Here and in the other lists I recall a line from Derrida’s book: “The spectral rumour now resonates, it invades everything: the spirit of the “sublime” and the spirit of “nostalgia” cross all borders” (pg169). Amongst the infinite multiplicity of possible narratives Petit highlights the glaring dead end of hauntology as a form of thought to escape the “eternal now”. The sheer indeterminacy of cultural memory, how it is impossible to distinguish a truly political yearning for past possibilities from a nostalgic appropriation from a mere recalling of minutia from the past, undermines the claim to privileging some forms of recollection over others. One of signatures of post-modernity (or hypermodernity as Petit names it at one point) is the relativity of historical appropriation.

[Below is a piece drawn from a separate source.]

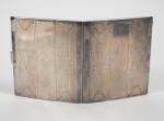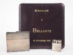 Dans son coffret en cuir bordeaux, titré en lettres d'or : "Bordeaux à Bellonte 18 Novembre 1930". Etui à cigarettes Art Déco en argent et vermeil, poincon Minerve, gravé à l'intérieur : Bordeaux à Bellonte 18 Novembre 1930.
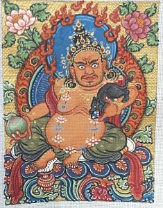 为令密乘行者有资财宏法利生,不被生活所逼,可安心向道,特赐予行者财利丰足。黄财神一面二臂,五佛冠为头饰,矮小肚大,双臂劲力,右手持布拉噶如意宝,左手提着吐宝鼠,身着天衣,蓝莲花及珠宝璎珞作装饰,胸前挂念珠。左足屈,右足踩着海螺宝,以如意姿安座于莲花月轮之上。 黄财神是藏传佛教各大教派普遍供养的五姓财神之一,因其身相黄色,故称黄财神。修持黄财神法、持诵其密咒,可获得黄财神庇佑,能增长福德、寿命、智能、物质及精上之受用,不被生活所逼,以及一切经济压迫,可安心向道。但修法者需发无上菩提心,广结善缘,勤行布施。万勿悭贪成性,护法降罪也. 黄财神即黄布禄金刚,黄财神面慈目善,头戴宝冠,坦胸露腹,戴着珍宝璎珞、珍宝耳环、珍宝手镯和珍宝足钏,上身穿丝制天衣,下身着丝制裙子,右手于右膝上捧喷焰末尼,左手握着吐宝鼬,以威镇坐姿坐在莲花宝座中央。身后有光环、祥云、远山。能增长福德、寿命、智慧、物质及精神上之受用。主司财富,能使一切众生脱于贫困,财源广进。

Ghost Box records might imagine an alternative 1970s, while Burial laments the death of rave culture, and The Caretaker renders ballroom records from the 20s into creeping miasmas of sound. In each of these cases there is a technique at work much of which can be located in Pierre Schaeffer’s work on the acousmatic object in the 1950s and 60s. The idea made palpable by the advent of disk cutting lathes and soon after magnetic audio tape is that small pieces of sound, be they voices, instrumental sound, or field recordings, could be abstracted from their source and relocated in dislocated form into new compositions. These days we call it sampling. This uncanny effect of dislocation is the basic sonic logic at work in Petit and Mordant Music’s record to which they augment with the literary themes of memory aphasia.

Similarly with the image comes a necessity for intervention, for as Petit says during the excursus on the meaning of the Museum: “with the image bank exploded it behove someone to begin reassembling.” But without any normative criteria with which to appraise the images and competing narratives , with the effacing of the subject to whom this task would fall, the resultant cultural and historical word soup provides little more than the option of a higher gear for contemporary spectacle. A necessity to act, to build a narrative without any solid ground to build on; this is perhaps one way to understand what Derrida means when (quoting Hamlet) he refers to the world as being out of joint.  And so as with Robinson the only thing that matters becomes the myth one makes for oneself. Petit’s record demonstrates the still existent aesthetic possibilities behind these ideas, but crucially it is at its most prescient when taking the post-modern hauntological condition itself as the material to be worked on; there is simply no escape, nothing beyond the spectacle.